Wie ist die Rolle des Konjunktivs II in der Schilderung des Gegensatzes zwischen

Wirklichkeit und Nichtwirklichkeit?

Peter Bichsel

Blumen

In dieser Erzählung ist der Konjunktiv auch als stilistisches Mittel verwendet. Durch Modi wird eine ungewöhnliche Situation im Leben der Hauptpersonen dargestellt und ihr seelischer Zustand beschrieben.

Dann stellte er sie sich in einem Blumenladen vor, mit grüner Schürze und Nelkenlächeln. Er würde eintreten und fragen, ob es hier Blumen zu kaufen gebe und sie würde erschrecken und lächeln und sagen: „Fast nur Blumen“, und er würde auch lächeln. „Ja, ich sehe“, würde er sagen. Dann würde er fragen: „Duften sie?“

Sie gibt keine Antwort. Sie nimmt eine gelbe Blume aus der nächsten Vase in die Hand und dreht sie zwischen Zeigefinger und Daumen. „Was wünschen Sie?“ will sie fragen, lässt es aber sein.

„Hat er gefragt, „duften sie“; fragt sie sich. „Mir wird es peinlich“, denkt sie.
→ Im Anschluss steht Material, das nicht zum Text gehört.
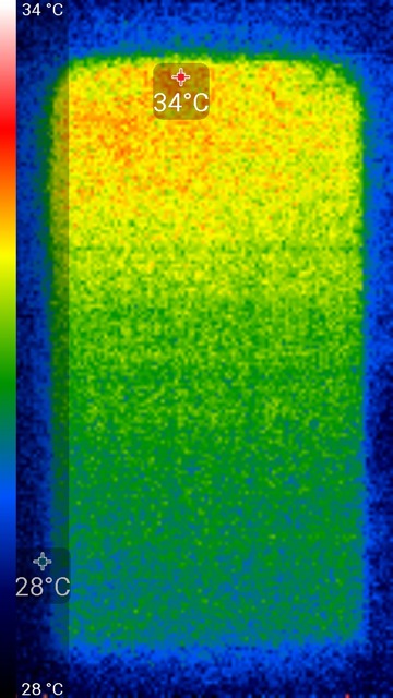 Нагрев больше локализован в верхней части аппарата, что, видимо, соответствует расположению микросхемы SoC. По данным теплокамеры, максимальный нагрев составил всего 34 градуса (при температуре окружающего воздуха в 24 градуса), это несущественный нагрев.
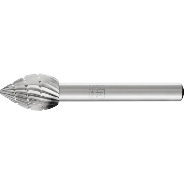 Zahnung 3 ist mit Spanbrechern versehen und eignet sich besonders gut zur Zerspanung von Stahl, Stahlguss und Gusseisen. Sie wird in einem Drehzahlbereich je nach Frässtiftdurchmesser von 1.200 bis 7.900 RPM eingesetzt. Frässtifte in 4 Sonderformen mit Schaftdurchmesser 6 mm. Durch ihre unterschiedliche Formgebung bestens für verschiedenste Fräsarbeiten geeignet.
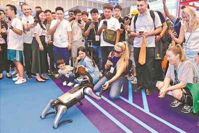 广交会现场人气十足,采购商与机器人互动。(资料图) 广州日报全媒体记者杨耀烨、王燕 摄
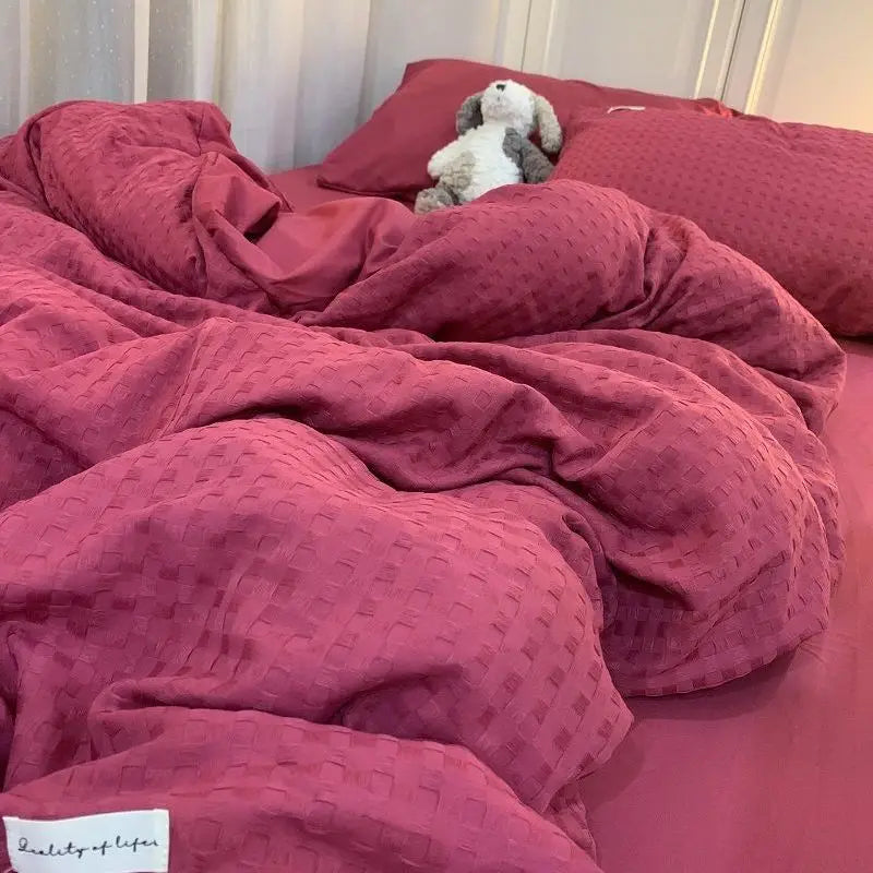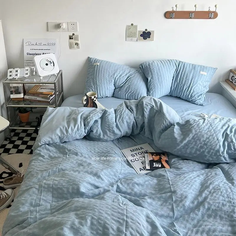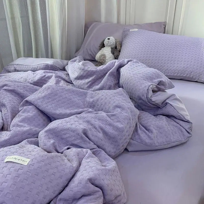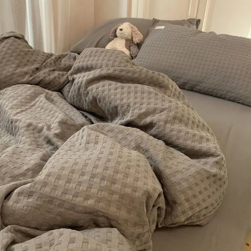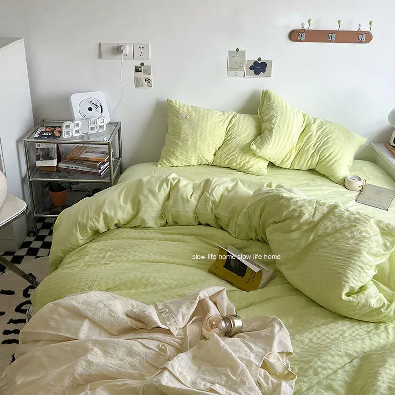 High grade light luxury washable cotton waffle four piece bedding set olive green quilt cover bed sheet dormitory three piece

In Gedanken versucht sie ihm zuzuflüstern, was er zu sagen hätte:

„Sie haben viele Blumen hier.“ „Lieben Sie die roten Blumen?“ „Astern gefallen mir gut.“ „Wie heißen die Blumen.“ Aber sie hat es vergessen. „Viele Blumen haben Sie hier.“ – „Ich liebe Blumen“, würde sie sagen. „Astern gefallen mir“, könnte er sagen. „Vor allem die roten“, würde sie antworten.

Und sie weiß, dass sie duften, aber die Blumen duften ganz anders, das weiß sie auch.
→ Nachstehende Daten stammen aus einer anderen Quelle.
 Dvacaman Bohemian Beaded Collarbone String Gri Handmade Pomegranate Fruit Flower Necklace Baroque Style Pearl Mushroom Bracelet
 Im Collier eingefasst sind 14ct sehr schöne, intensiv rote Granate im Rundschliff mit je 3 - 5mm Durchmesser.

„Blumen duften ganz anders“, sagt sie. Und er würde nichts sagen. Und später würde sie fragen: „Was tun Sie hier?“ und er würde antworten: „Ich verkaufe Blumen.“ „Warum duften sie nicht?“ sagt sie. „Es sind Papierblumen.“ „Oh, sie sind schön“, flüstert sie.“ Aber sie duften nicht“, sagt er. „Kann man den Duft nicht herstellen?“ bemitleidet sie ihn. Oder er würde sagen: „Ich stelle Papierblumen her.“ „Oh, das ist sicher schwer“, sagt sie darauf, „ich möchte das auch können, aber ich liebe Papierblumen nicht.“ „Warum stelle ich Papierblumen her?“ würde er im Weggehen denken.

●Überlegen Sie!

 Welche Rolle spielt Konjunktiv II in der Erzählung von Р. Bichsel?